But generative AI represents a paradigm shift in the artificial intelligence, empowering computers to go beyond computation and actively contribute to the process of creation at its core. Generative AI is about machines that can imagine innovate and produce entirely new content by incorporating sophisticated algorithms and deep learning. The generative AI systems can learn from vast data sets to understand structures and identify patterns.

Generative AI unlocks new possibilities and creates significant business value in four different regions or areas. When it comes to creating new customer experiences. Generative AI analyzes customer data and creates personalization for their products, services and marketing messages. This helps in enhancing the overall experience and improves customer satisfaction.

Generative AI can enable builders by bypassing time consuming coding tasks. For example, by using Amazon Code Whisper, builders can complete their coding tasks 57% faster, thereby thereby boosting employee productivity.

Next is creating content. We have recently launched Amazon Party Rock to create applications and you don't even need to know how to write a single line of code to do so.

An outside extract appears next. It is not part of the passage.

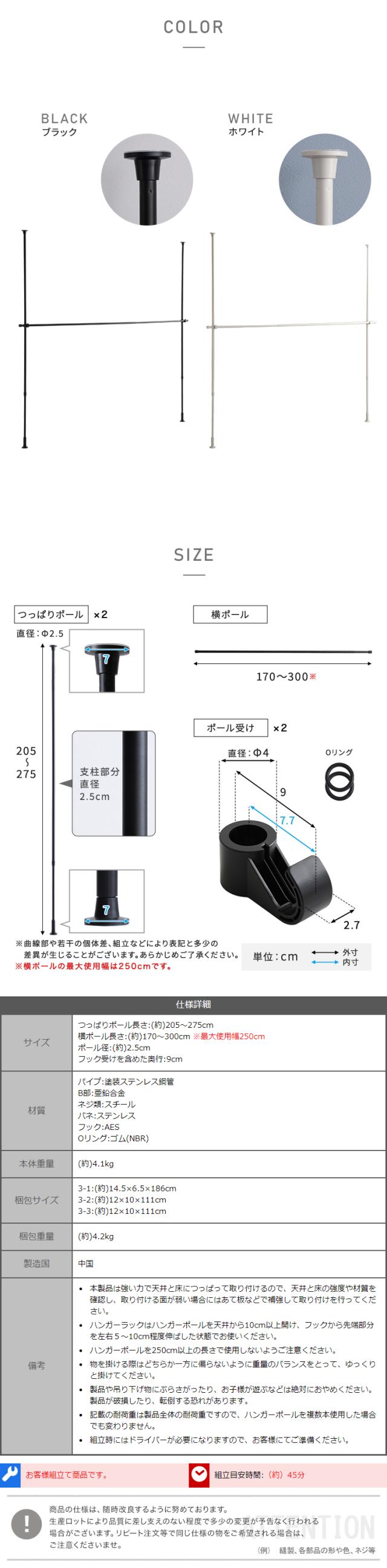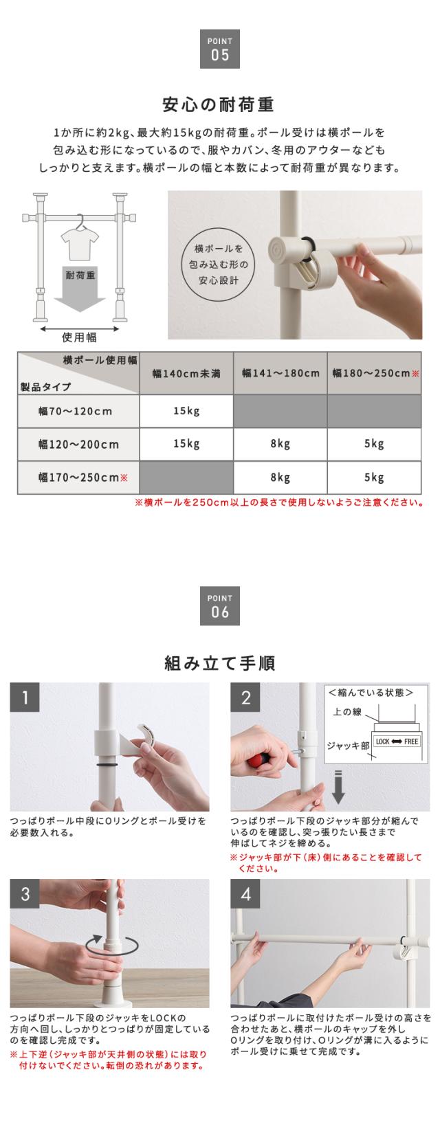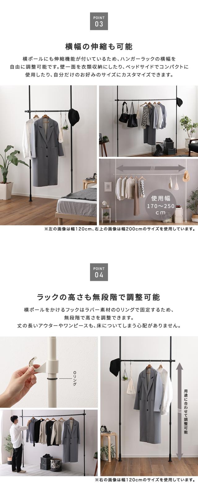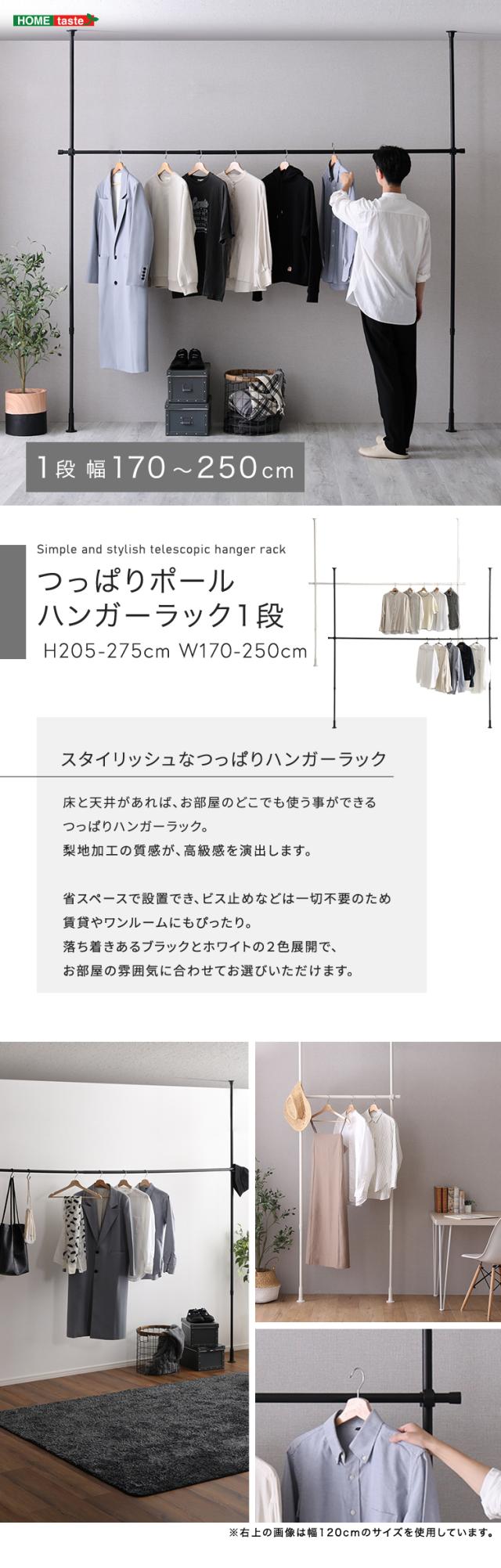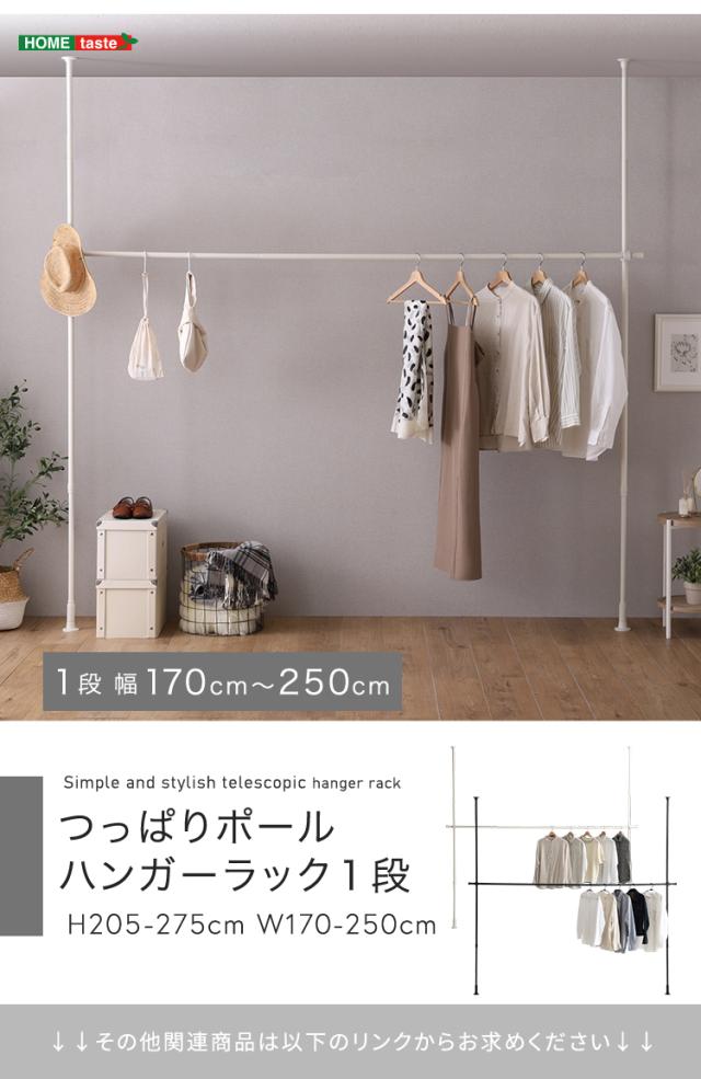 最大幅250cm 伸縮 つっぱりハンガー ワイド 1段 【送料無料】 天井 つっぱりポール 高さ調節 室内 シンプル 突っ張りハンガーラック 洗面所 リビング 玄関 耐荷重 クローゼット おしゃれ インテリア コートハンガー ハイタイプ 大容量

Generative AI has the ability to analyze extensive data sets and create insights by which you can make predictions faster and take informed decisions when it comes to generative AI transforming various industries. Let's look at some of them and what their use cases are to start with.

Financial services industry. Algorithmic trading is one of the commonly used strategies in the financial services industry to support, to speed up and make it more efficient, efficient. Now, it's typically a complex process involving a deep understanding and a combination of domain expertise on market vectors as well as um financial segments as well as technical knowledge in terms of how to build the automation and incorporating the logic with gen AI, you can analyze market data to automate the trading strategies and predict market sentiments quickly.

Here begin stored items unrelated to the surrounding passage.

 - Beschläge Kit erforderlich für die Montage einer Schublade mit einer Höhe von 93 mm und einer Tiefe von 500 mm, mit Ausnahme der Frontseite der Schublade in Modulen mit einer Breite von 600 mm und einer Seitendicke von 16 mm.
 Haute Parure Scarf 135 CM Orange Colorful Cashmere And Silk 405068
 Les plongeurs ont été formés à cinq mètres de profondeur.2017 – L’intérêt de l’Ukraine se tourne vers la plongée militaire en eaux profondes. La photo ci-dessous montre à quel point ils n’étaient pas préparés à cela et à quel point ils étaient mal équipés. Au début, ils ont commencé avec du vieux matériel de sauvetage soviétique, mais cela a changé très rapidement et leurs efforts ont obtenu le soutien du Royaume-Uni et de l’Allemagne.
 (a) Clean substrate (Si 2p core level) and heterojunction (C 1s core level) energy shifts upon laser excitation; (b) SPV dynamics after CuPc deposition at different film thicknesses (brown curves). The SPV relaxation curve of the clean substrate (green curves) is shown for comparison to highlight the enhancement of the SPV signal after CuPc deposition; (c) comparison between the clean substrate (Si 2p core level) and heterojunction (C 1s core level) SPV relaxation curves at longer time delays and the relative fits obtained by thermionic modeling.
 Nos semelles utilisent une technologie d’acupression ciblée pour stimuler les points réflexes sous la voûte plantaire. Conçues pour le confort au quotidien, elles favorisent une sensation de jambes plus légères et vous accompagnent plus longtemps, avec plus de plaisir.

Now its ability to generate alerts for potential fraudulent activities is also one of the predominant use cases that we've seen customers in the financial services industry handled risk management proactively.

Now, within healthcare, generative AI has been transformative in terms of medical imaging diagnosis, as well as drug discovery.

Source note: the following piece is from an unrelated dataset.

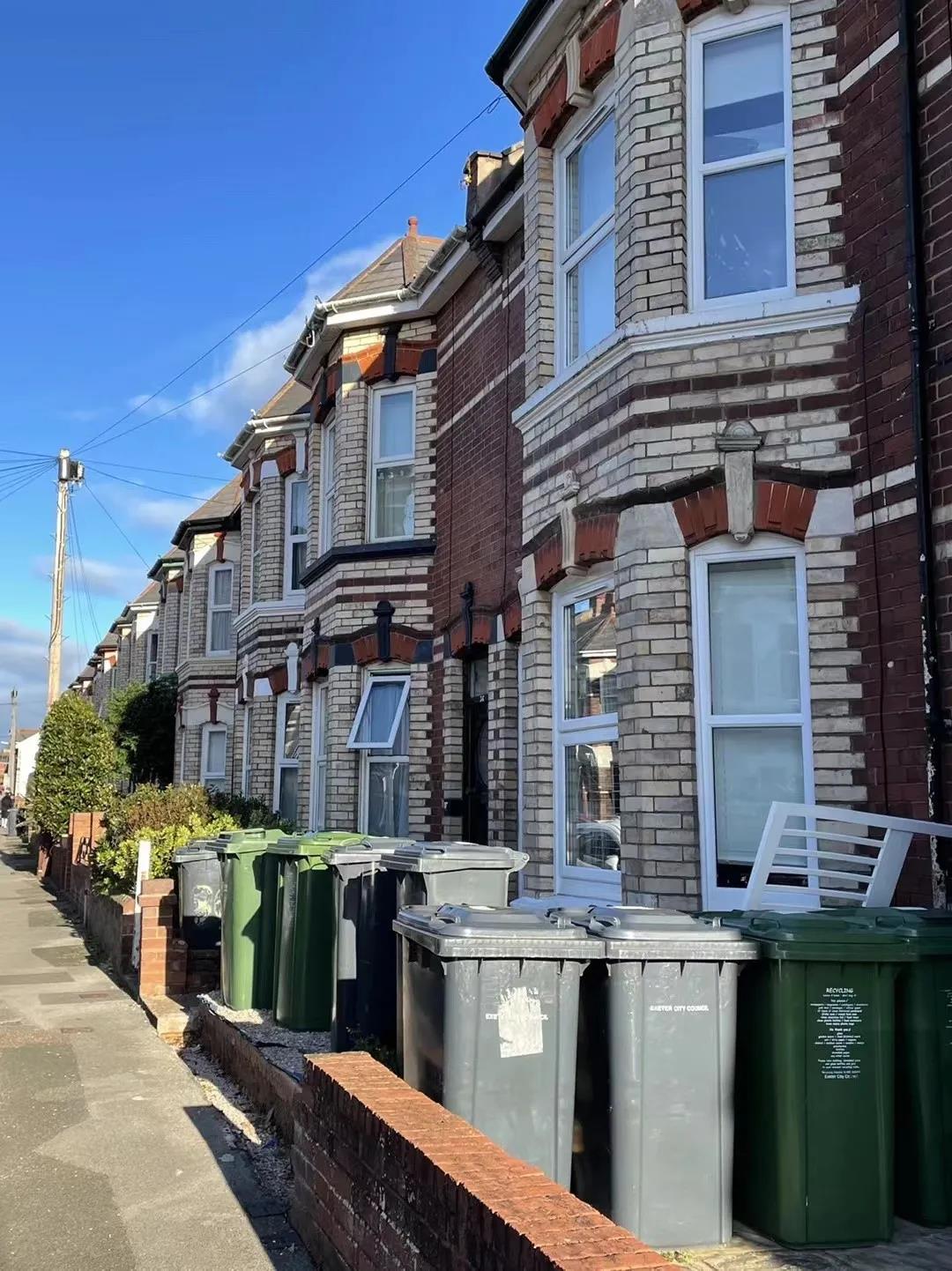 刚来这边,同住的一个小哥告诉我们这边扔垃圾很不方便,生活垃圾和可回收垃圾要分开,一周收生活垃圾,第二周收可回收垃圾,需要分别将装生活垃圾的黑色垃圾桶和装可回收垃圾的绿色垃圾桶放在门外等着专门人员上门来收,而且这项服务是要收费的。也就是说每种垃圾每隔两周才会有人来收走,而且就算垃圾桶满了,放在桶外面的垃圾也不会收走,只收放在桶内的垃圾。上周三亲自经历了收垃圾一事,因为房间内有人回国,留下许多垃圾,桶里根本放不下,只能用箱子装好放在黑色垃圾桶旁边,小哥说,只能祈求收垃圾的人收走,不然真的没办法处理。周三一大早我们就看到了整条街门口全是黑色垃圾桶的“壮景”,到了周三下午,我们的垃圾还是没有被收走,心里不禁有些嘀咕,直到周四早上,惊喜地发现门口的垃圾都被收走了,包括那两个大纸箱,我们才暗自高兴。不禁想到曾经在伦敦的宿舍里,只是将生活垃圾和可回收垃圾分类,也从来没有了解过英国的垃圾回收这么不方便,冬天还好,夏天温度高,这些生活垃圾经历两周高温的肆虐发出的味道多少会影响人的身心健康。在这种极不便利的垃圾回收模式下竟也没有发生一些流行疾病,又不得不感叹英国发达的垃圾处理系统。于此,我们才了解到为何英国各家各户门口都有很多垃圾桶。师门B曾经开玩笑说:“有这么多垃圾桶的都是大户人家”。

Now, in the automotive and the manufacturing industry, generative AI models have enabled to optimize supply chain logistics including inventory management and warehouse operations as well as detect defects to ensure product quality.

Now, in the educational sector, with generative AI, our customers have been able to create digital learning platforms with intelligent tutoring systems that can provide adaptive assessment on the fly based on each individual student's pace and progress.

Now, with all of this one would wonder what does AI AI text stack stack look like? And what does it entail? A tech stack for a gen AI application typically has three macro layers and these layers work with each other, talk to each other and enable the pipeline of development and deployment of the applications to start with.

We have the data layer in this layer. Data data is collected from multiple sources and stored in the data warehouses, preprocess cleaned to ensure its quality and the noise is removed through normalization techniques, then you annotate the data and label the data thereby making it ready for training purposes.

The second layer is the modeling layer in this layer, you choose the specific mission learning or deep learning algorithm depending upon the nature of the problem that is being solved. And then the selected model is then used against the preprocess data and trained during the training, the model learns to make predictions and then the model is then validated against new data and it's just iterated, it, it's just iterated from there.

In the deployment and application layer, the model is deployed onto production environment and integrated into the application and application to perform specific tasks such as make predictions or you know, generate content and so on.

Now, coming to the roles in the generative AI ecosystem, there are three main roles that create a pipeline that goes from development and tuning to the deployment and visualization and utilization of the generative models through APIs. Let's take a look at each of the roles and their skill sets to start with.

We have the model provider. The model provider is typically responsible for creating or offering the generative models used in the system. This role involves designing training and potentially fine tuning the generative models. Model providers can be individuals or organizations that start building the foundation models from scratch.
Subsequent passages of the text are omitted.